* What the task requires
Only text belongs in your copy of the listing below; reproduce it exactly and leave out the pictures.

* Data excerpt
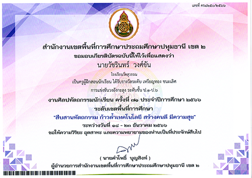 ได้รับรางวัลระดับ เหรียญทอง ชนะเลิศ การแข่งขันวงอังกะลุง ระดับชั้น ป.1-ป.6 งานศิลปหัตถกรรมนักเรียน ครั้งที่ 71
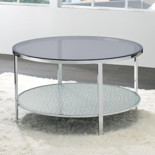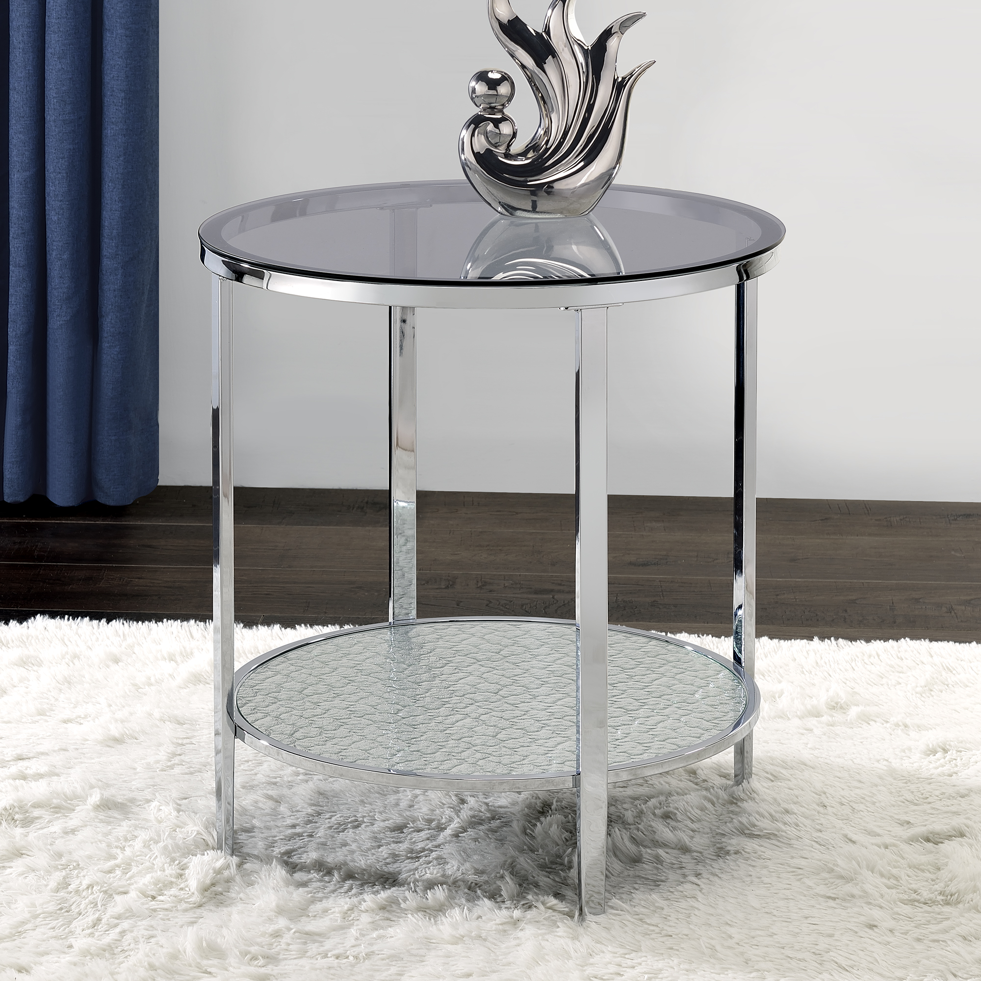 A Smoky glass top, a patterned mirror shelf and a chrome base combine to add sparkle and glam to a room in this romantic round End Table. Frostine features a round shape that softens a room and makes it easier to navigate by eliminating pesky corners. Use with beside your favorite chair, sofa or as a Nightstand in the bedroom and add a little glam to your life.
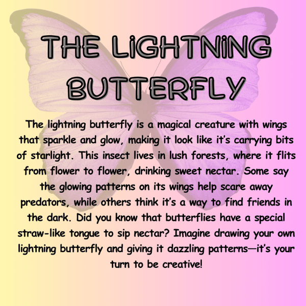Nora, a tiny butterfly living in a garden full of colorful flowers, dreams of becoming a special butterfly that lights up the night like the stars. But Nora is afraid of flying in the dark. With the help of her friends—a wise silkworm and some cheerful bees—Nora learns that courage and believing in yourself are the keys to making dreams come true. On a magical night, Nora discovers that her wings have a special glow, lighting up the entire garden and becoming the "Lightning Butterfly" who inspires everyone around her.
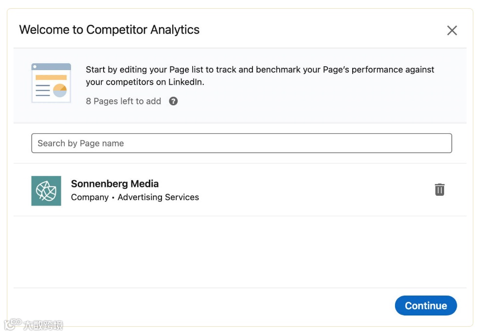 具体步骤如下:访问公司主页——打开分析菜单(Analytics menu)——选择竞争对手(Competitors)。如果你是第一次使用该工具,请输入竞争对手的名称,点击继续,建立你的名单,或点击"编辑竞争对手"来完善你的名单。名单最多可添加九名竞争对手的主页。

* Exercise solution
 ได้รับรางวัลระดับ เหรียญทอง ชนะเลิศ การแข่งขันวงอังกะลุง ระดับชั้น ป.1-ป.6 งานศิลปหัตถกรรมนักเรียน ครั้งที่ 71
 A Smoky glass top, a patterned mirror shelf and a chrome base combine to add sparkle and glam to a room in this romantic round End Table. Frostine features a round shape that softens a room and makes it easier to navigate by eliminating pesky corners. Use with beside your favorite chair, sofa or as a Nightstand in the bedroom and add a little glam to your life.
Nora, a tiny butterfly living in a garden full of colorful flowers, dreams of becoming a special butterfly that lights up the night like the stars. But Nora is afraid of flying in the dark. With the help of her friends—a wise silkworm and some cheerful bees—Nora learns that courage and believing in yourself are the keys to making dreams come true. On a magical night, Nora discovers that her wings have a special glow, lighting up the entire garden and becoming the "Lightning Butterfly" who inspires everyone around her.
 具体步骤如下:访问公司主页——打开分析菜单(Analytics menu)——选择竞争对手(Competitors)。如果你是第一次使用该工具,请输入竞争对手的名称,点击继续,建立你的名单,或点击"编辑竞争对手"来完善你的名单。名单最多可添加九名竞争对手的主页。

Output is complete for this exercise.